Medical Errors Issue Hits Capitol Hill
McEachern's wife had anger for her attending physician, with whom she settled in a malpractice action. "He let a resident do the procedure without my approval," she said. "The resident didn't know what he was doing."
Debra Malone told the panel a tragic story of her father, a 64-year old doctor who died after an error-filled night in an intensive care unit. The ICU, she said, was staffed only with an intern and float nurse who was unfamiliar with the unit. "The attending physician was at home sleeping."
And Diana Artemis described an orthopedic surgeon's "incompetent after-care" from a total hip replacement, resulting in multiple corrective operations. "It is time the medical industry opens its books," she said.
But AMA immediate past president Nancy Dickey, MD, asked, "Is the surgeon responsible for a fall after surgery?" Dickey testified against the creation of a mandatory error-reporting system. That effort, she claimed, would backfire and establish an environment hostile to "trust and open communication." The AMA backs voluntary error reporting, she said, although it believes those who step forward must have a full guarantee against liability.
The AHA also had qualms about reporting requirements. Moreover, Jefferson Health System chief medical officer Stanton Smullens, MD, testified for the association that a patient could take more initiative in screening for the best care. For example, a patient could ask a doctor whether he's been sued and request that a resident not treat them. But Specter rejoined that only an "extraordinary patient" would ask those questions.

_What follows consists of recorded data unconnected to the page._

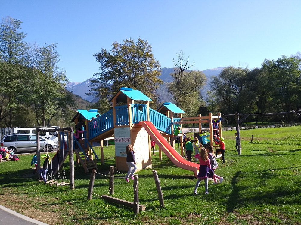 Pot nas je vodila naprej ob Soči, mimo ogromnih kupov peska na Separaciji, do Labrc. Tam smo se ponovno ustavili, da so lahko učenci dokončno izpraznili nahrbtnike in se poigrali na igralih.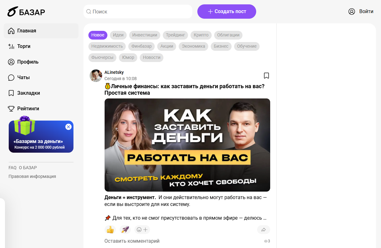 Создатели проекта «Базар» позиционируют его как новую социальную сеть про финансы. Это платформа для трейдеров и инвесторов, на которой они не только могут общаться между собой в личных чатах, но и добавлять публичные посты, а также зарабатывать на этом. В обзоре нашей редакции мы выясним, какие еще функции доступны на Fin Bazar и стоит ли регистрироваться на этом сайте.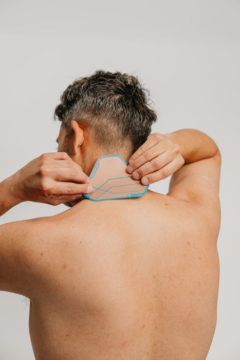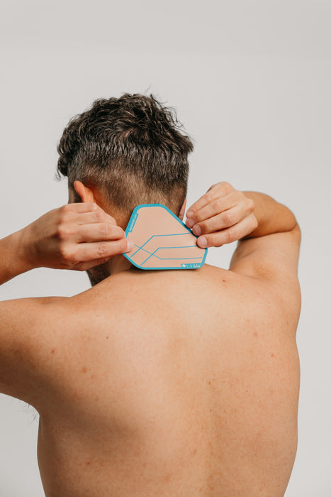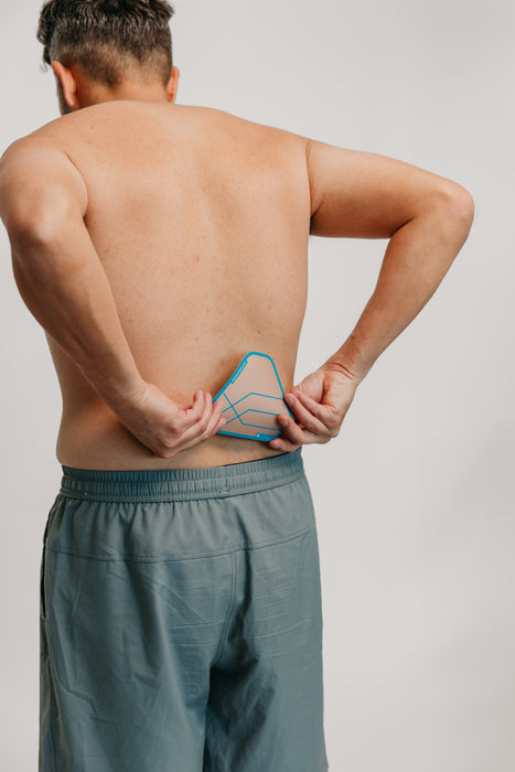 Once you have identified the source of your tension, hold the patch at the lower point on your back where you feel discomfort.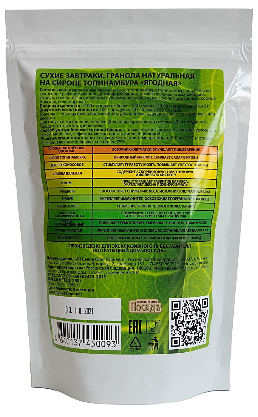 Гранола натуральная на сиропе топинамбура ягодная без сахара 250г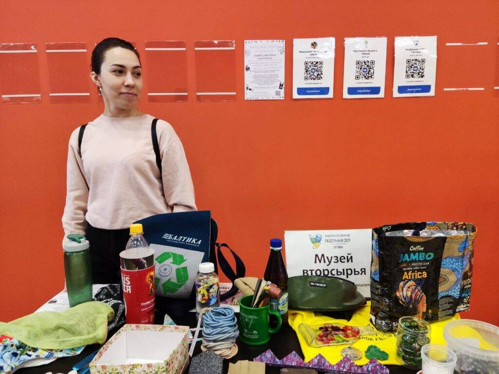 Помещение условно поделено на секции. С первой я познакомился, далее — “Музей вторсырья”. Это удивительная и увлекательная история переработки разных материалов, как доказательство — полезные и приятные глазу результаты переработки. Экскурсоводом настольного музея выступила волонтёр “РазДельного Сбора Гатчины” — Милла Крушельницкая: “Мы рассказываем о том, что переработка в нашей стране существует, заводы работают. Волонтёры “РазДельного Сбора” регулярно приезжают на экскурсии на эти заводы, берут экспонаты и знакомятся с техникой переработки сырья, которое сдают на наших акциях, что из этого сырья получается в дальнейшем, как оно может быть использовано. У нас представлено сырьё до переработки, результаты переработки, сырьё извлечённое из процесса переработки”.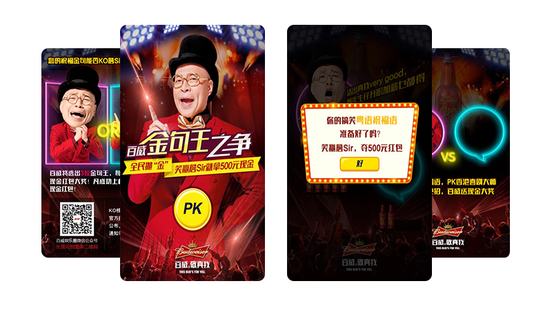 亮点:百威啤酒为契合新年节日的H5互动,获取用户头像,模拟与香港喜剧大师詹瑞文pkt金句的真实场景,引导用户写下搞笑金句,最终评选出3位金句王送出百元新年红包,刺激用户参与与分享。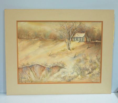 6695 Watercolor of Farmhouse in Field in Fall, signed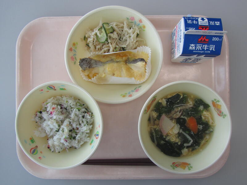 10月20日(水)の給食(五色の花ごはん かきたま汁 魚のこがねやき 切干大根のじゃこサラダ)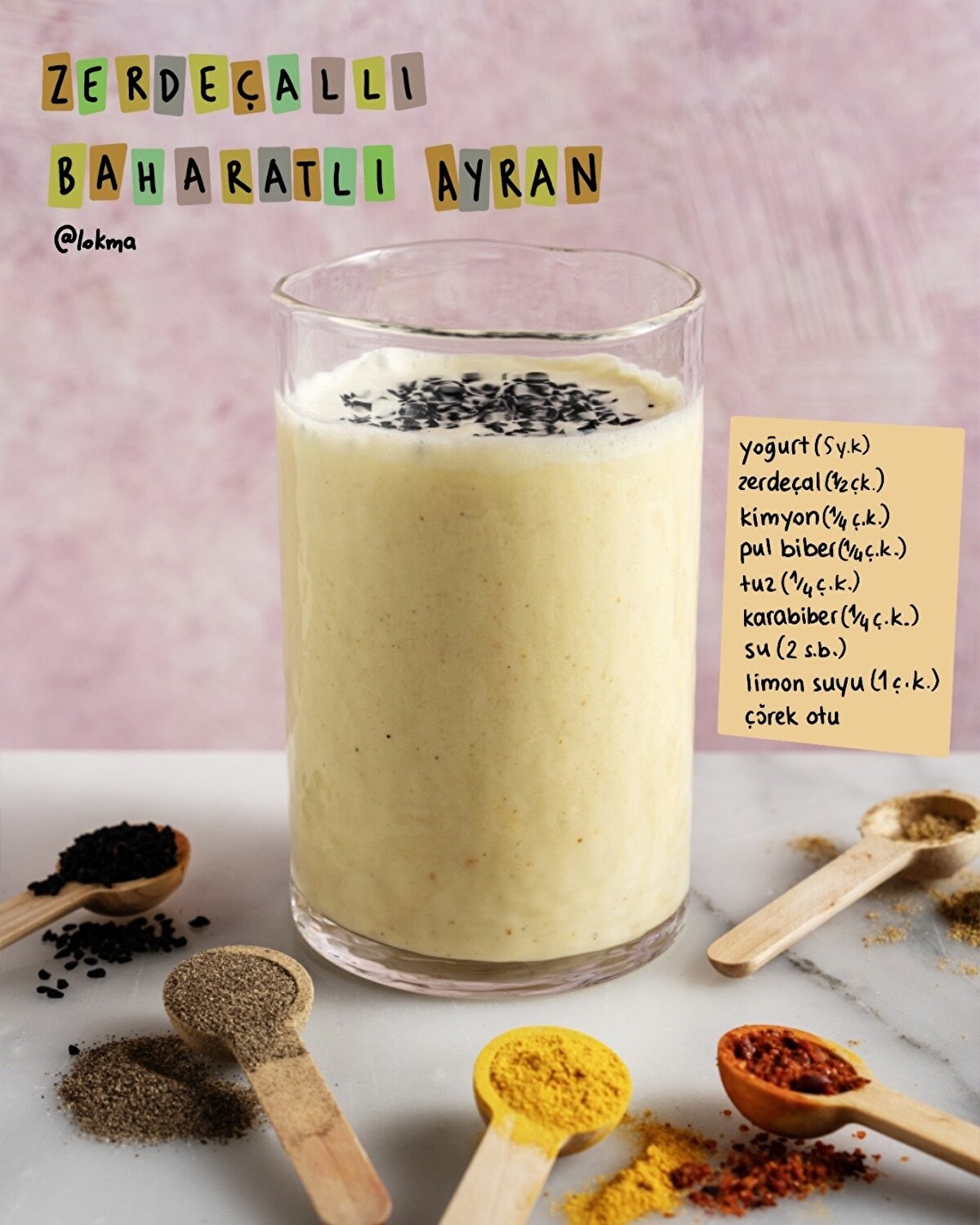 🫚Zerdeçallı Baharatlı Ayran 5 yk yoğurt 2 Sb su 1/2 çk zerdeçal 1/4 çk kimyon 1/4 çk pul biber 1/4 çk tuz 1/4 çk karabiber 1 çk limon suyu Üzeri için; Çörek otu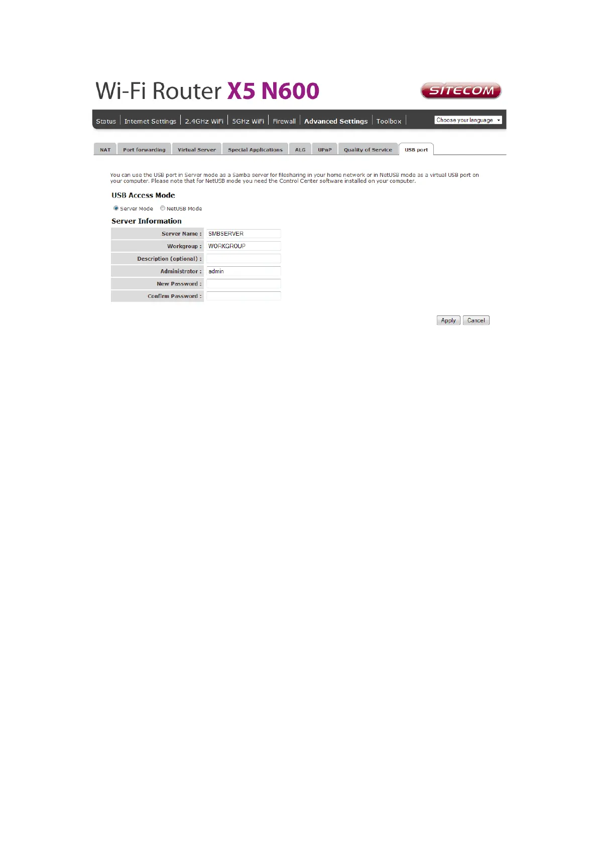 For netUSB make sure the radio button next to netUSB is selected and press Apply.

In contrast to the doctors and hospitals, the American Nurses Association said it backed a mandatory error-reporting system.

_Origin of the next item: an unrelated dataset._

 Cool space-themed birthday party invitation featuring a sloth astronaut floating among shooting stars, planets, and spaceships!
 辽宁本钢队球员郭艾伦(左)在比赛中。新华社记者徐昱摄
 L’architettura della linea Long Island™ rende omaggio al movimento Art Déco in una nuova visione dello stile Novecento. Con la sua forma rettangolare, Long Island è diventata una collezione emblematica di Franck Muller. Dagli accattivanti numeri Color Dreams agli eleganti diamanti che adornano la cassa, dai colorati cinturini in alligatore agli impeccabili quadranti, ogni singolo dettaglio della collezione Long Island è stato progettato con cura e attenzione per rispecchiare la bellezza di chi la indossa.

Meanwhile, health experts testified that ensuring health professionals won't be sued is central to battling system weaknesses that result in errors. "The best physicians and the best institutions make mistakes," said John Eisenberg, MD, administrator of the Agency for Healthcare Research and Quality. "We must change the culture of secrecy," he said, and avoid a reaction to errors he characterized as "name them, blame them, and chain them."
Martin Merry, PhD, a health management professor at the University of New Hampshire, agreed: "The root cause [of medical errors] is not incompetent doctors," he said, arguing that the institute's report was "long" on regulation. He recommended that health care build its delivery system "around our patients rather than our doctors and hospitals."